I am not able to provide a model capable of explaining everything that has happened but am of a mind to suggest the following has something to do with why European Society has become more tolerant than it used to be:
We killed each other for centuries. The wars of religion morphed into the wars of States. The Twentieth Century was an orgy of killing that my mind can't wrap itself around.
Now I know that other people have killed each other for centuries and it didn't lead to the same result. But I am not making a model that explains everything. I am only saying that the generations upon generations of war in our society have something to do with the culture of tolerance that I prize most highly.
by moat on Thu, 09/13/2012 - 8:36pm
The European movement towards tolerance began long before the 20th century, somewhere around the Enlightenment if not the Renaissance.
There was a lot of religious conflict related to the Reformation, but it's not clear that was the spark.
by Michael Wolraich on Thu, 09/13/2012 - 11:43pm
I didn't mean to imply that war replaced the development of ideas as a cause or that toleration just popped up out of the blue during the twentieth century. By referring to the wars of religion, I should have also mentioned the peace agreements that ended them.

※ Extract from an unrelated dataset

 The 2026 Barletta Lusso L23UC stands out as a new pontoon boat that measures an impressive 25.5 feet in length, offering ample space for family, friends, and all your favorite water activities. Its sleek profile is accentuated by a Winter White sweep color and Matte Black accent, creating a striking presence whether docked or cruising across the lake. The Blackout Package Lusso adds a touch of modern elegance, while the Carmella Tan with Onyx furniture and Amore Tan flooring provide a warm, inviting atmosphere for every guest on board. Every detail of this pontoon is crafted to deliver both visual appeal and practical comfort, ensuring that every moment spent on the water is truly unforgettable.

The Peace of Westphalia was a grudging moment of toleration in its acceptance that the One Church would no longer be the only arbiter of belief and moral authority. The grudging part is why the wars of religion kept on happening well after that event but the later conflicts did not cancel the dialectic started by that Peace.

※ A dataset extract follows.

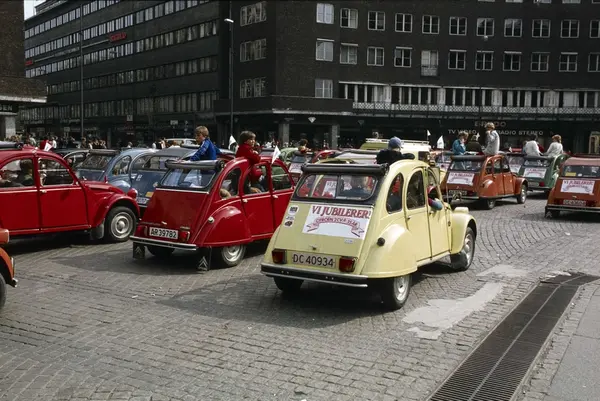 Fotografert 7. mai 1983 i forbindelse med et arrangement for å feire Citroën 2CVs 35-årsjubileum. Arrangementet var et samarbeid mellom importøren Norsk Citroën AS og Norsk 2CV Klubb.

The English Civil War and rule of Cromwell is an example of a war that saw the extremes of intolerance on both sides of the conflict. The more tolerant and secular society that happened afterwards may have something to do with people having reached for the complete manifestation of their convictions and not wanting to go there again.
by moat on Sat, 09/15/2012 - 5:20pm
I see. I think it's an intriguing scenario. If true, it might suggest that Sunni-Shia warfare could eventually lead to more tolerant states. Lebanon could be one example of that.
by Michael Wolraich on Sun, 09/16/2012 - 6:04pm
What has happened in Lebanon could be an example of that dynamic.
What has been going on in Central Asia between Wahhabi and Sufi groups over the last thirty years could be added to the list. I would provide a link but the struggle is not reflected well by looking at this or that event or any single report about it.
The only way in is to listen to the protagonists speaking for themselves over a period of time.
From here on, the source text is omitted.